假设我有这个假设的多对多关系:
public class Paper
{
public int Id { get; set; }
public string Title { get; set; }
public virtual ICollection<Author> Authors { get; set; }
}
public class Author
{
public int Id { get; set; }
public string Name { get; set; }
public virtual ICollection<Paper> Papers { get; set; }
}
我想使用 LINQ 构建一个查询,该查询将提供每位作者与其他作者相比的“受欢迎程度”,即作者贡献的论文数量除以所有作者贡献的总体总数文件。

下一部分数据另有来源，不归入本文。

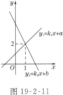 4. 如图 19 - 2 - 11 所示,直线$y_1 = k_1x + a$与$y_2 = k_2x + b$的交点坐标为$(1,2)$,则使$y_1<y_2$的$x$的取值范围为( )
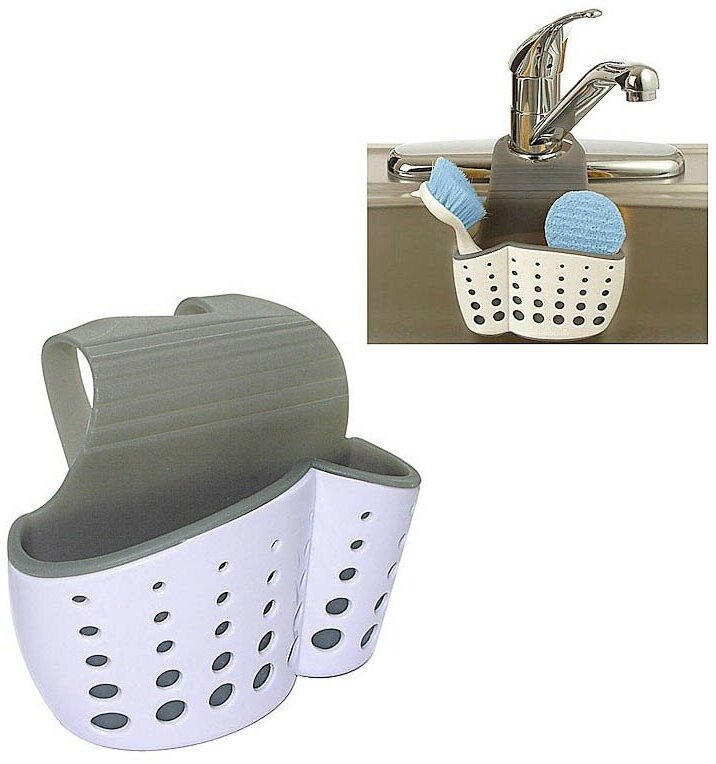 Удобная навесная подставка для хранения щетки (ершика) и губки поможет всегда держать под рукой необходимые принадлежности при мытье посуды. Достаточно закрепить ее с помощью петли у основания крана, опустить в раковину и вы уже никогда не потеряете ваших «помощников» на кухне. Изготовлено из пластмассы (ABS, TPR).
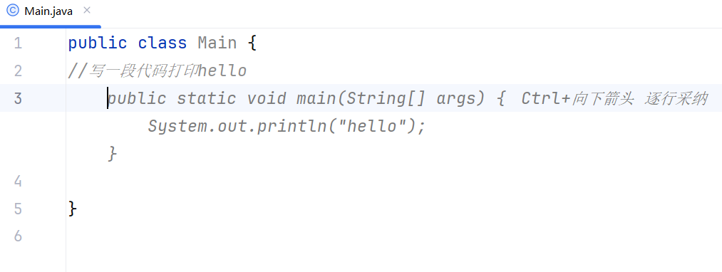 我们可以让ai给我们写一段打印hello的代码,可以看到ai自动帮我们写出了代码,我们只需要按tab键接受即可
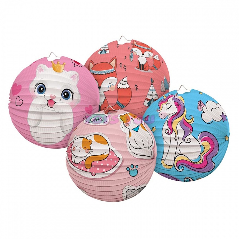 Papírový kulatý lampion barevný s obrázky. Vhodná dekorace na party, lampionový průvod, zahradní slavnost, karneval, oslavu narozenin nebo jen tak na zavěšení do dětského pokojíčku. Vyberte si svůj lampion a udělejte z běžného večera kouzelný. Lampion je z nehořlavého papír a má držák na svíčku nebo žárovku. Lampion je bez hůlky a světýlka. Lampion má poutko na zavěšení. Materiál: papír, kov Průměr lampionu: 25 cm Motivy: kotě, kočky, jednorožec, liška Dodáváme v mixu po 4 ks dle skladové zásoby. Uvedená cena je za 1 ks. Hmotnost: 0.06 kg Varování: Není hračka! Používejte pod dohledem dospělé osoby. Rozměr: 250mm x 250mm x 250mm (Š x V x H) Uvedená cena je za 1 ks.
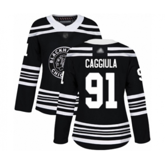 Women's Chicago Blackhawks #91 Drake Caggiula Authentic Black 2019 Winter Classic Hockey Jersey
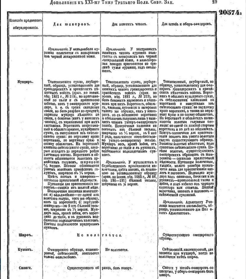 ФОРМА ЮНКЕРОВ. Остальным пехотным юнкерским училищам чуть позднее, в 1901 г., присвоено следующее обмундирование: прибор золотой - желтая медь, в отличие от пехотных военных училищ, где золотой прибор для юнкеров означал красную медь. Юнкера носили темно-зеленую (черную) фуражку, с алой выпушкой и светло-синим околышем с двумя алыми выпушками. Двубортный мундир образца гвардейской пехоты 1881 г., воротник и обшлага которого украшал золотой армейский унтер-офицерский галун. Шаровары были укороченные и длинные. Зимой юнкера по-прежнему носили барашковую шапку с кокардой и гербом.
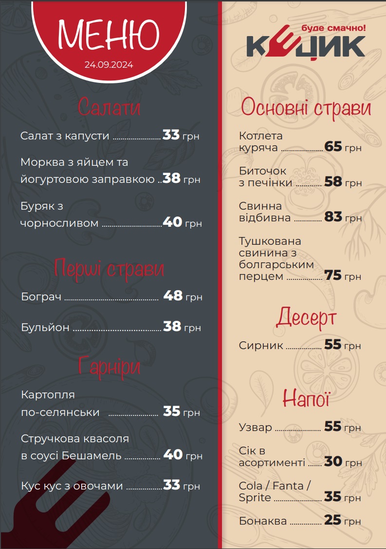 Welcome to Ketsyk, a charming café located on Promyslova St in Lviv, Ukraine. Renowned for its homestyle cooking, the menu is a delightful blend of comforting dishes that evoke nostalgia. Many patrons rave about the quality, with standout items like the famed cutlets, which are consistently described as a "TOPчик" by customers.
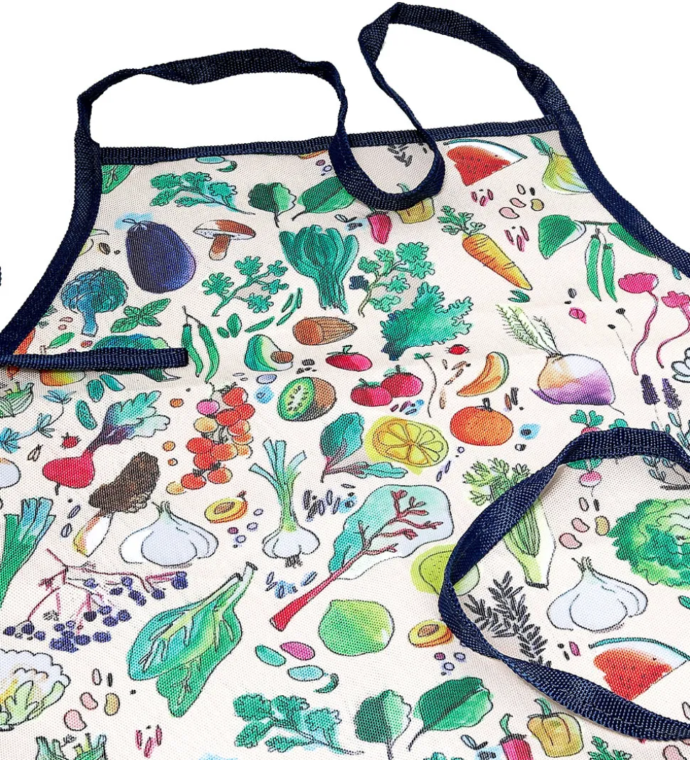- 1 forklæde i hvid med et print af forskellige grønsager i flotte farver
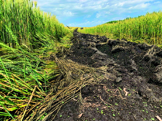 記者現(xiàn)場看到,陳巴爾虎旗特尼河林場大片大片麥田、油菜田里,被鏟出一道道觸目驚心、黑綠相間的“斑馬線”?!霸儆惺嗵炀鸵崭盍耍F(xiàn)在毀了實在可惜!”附近群眾說。
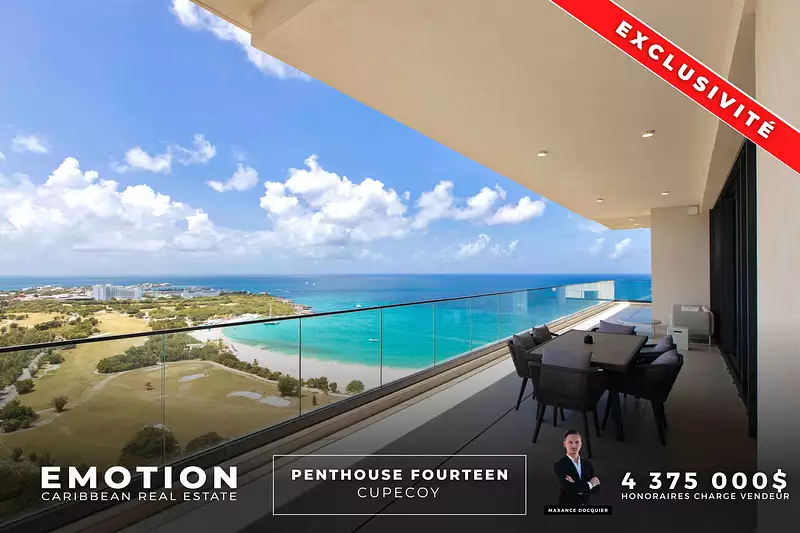 Le cabinet EMOTION REAL ESTATE, représenté par votre agent Maxance DOCQUIER, est fier de vous présenter en exclusivité un bien d'exception situé au vingtième et dernier étage d'une résidence prestigieuse livrée en 2022. Ce penthouse, le plus élevé de l'île de Saint-Martin/Sint Maarten, offre une superficie intérieure de 295 mètres carrés et plus de 300 mètres carrés de surface extérieure. Il est vendu entièrement meublé et équipé.
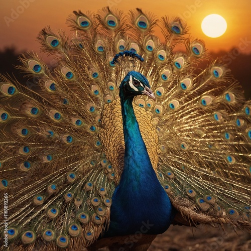 © Muhammad, Obraz premium Illustration: A peacock spreading its vibrant, multicolored pinions under a golden sunset.
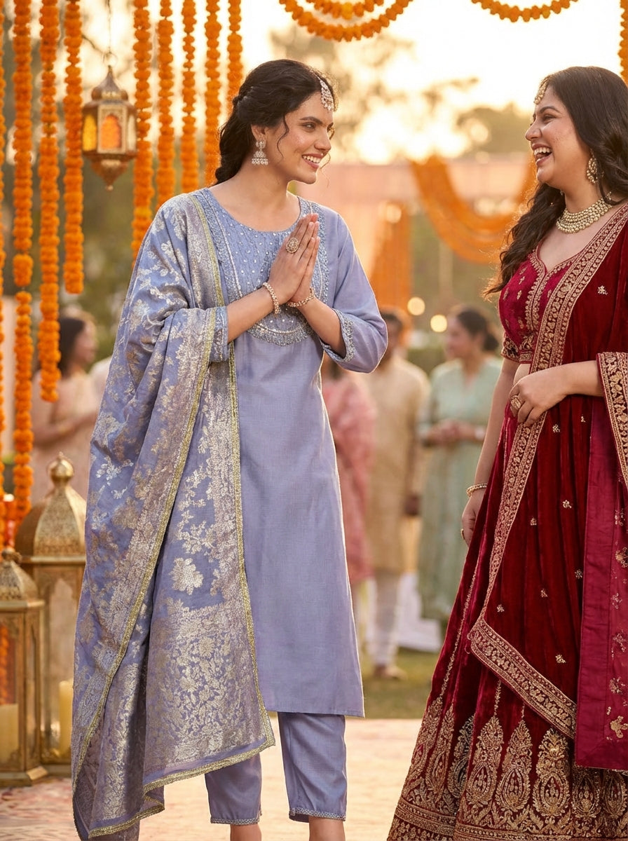 The Sehmat Purple Kurta Set with Dupatta is the epitome of timeless elegance and effortless style, making it a must-have for your wardrobe.
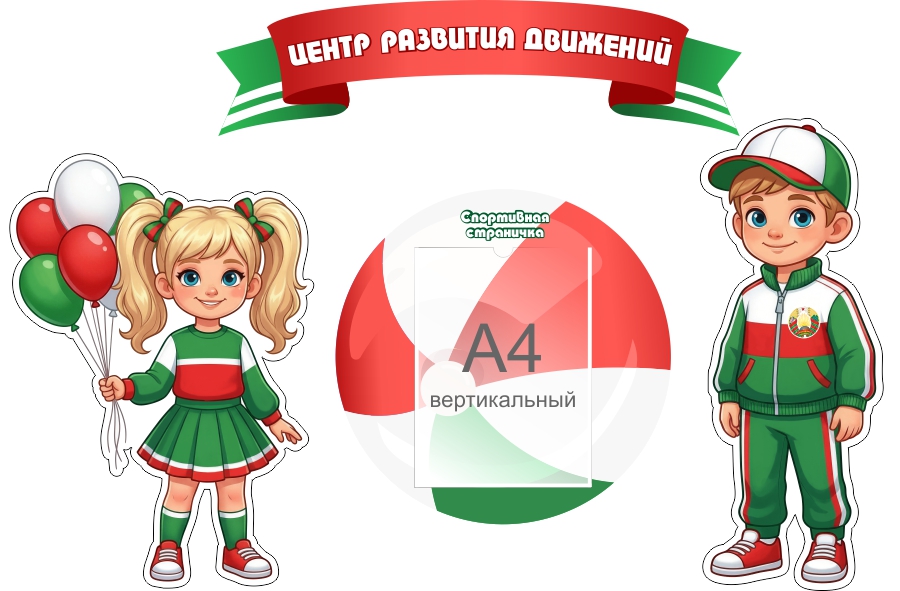 Модель 43403 Стенд-композиция Центр развития движений в зеленых, красных и белых тонах. Дети и спорт, спортивная жизнь, здоровье 1150*750мм

我想出了几个问题来实现这一目标。
选项 1:
var query1 = from author in db.Authors
let sum = (double)db.Authors.Sum(a => a.Papers.Count)
select new
{
Author = author,
Popularity = author.Papers.Count / sum
};
选项 2:
var temp = db.Authors.Select(a => new
{
Auth = a,
Contribs = a.Papers.Count
});
var query2 = temp.Select(a => new
{
Author = a,
Popularity = a.Contribs / (double)temp.Sum(a2 => a2.Contribs)
});
基本上,我的问题是:其中哪个更有效,还有其他更有效的单一查询吗?这些与两个单独的查询相比如何,如下所示:
double sum = db.Authors.Sum(a => a.Papers.Count);
var query3 = from author in db.Authors
select new
{
Author = author,
Popularity = author.Papers.Count / sum
};
最佳答案
嗯,首先,你可以自己尝试一下,看看哪个花费的时间最长。
您应该寻找的第一件事是它们可以完美地转换为 SQL 或尽可能接近,这样数据就不会全部加载到内存中只是为了应用这些计算。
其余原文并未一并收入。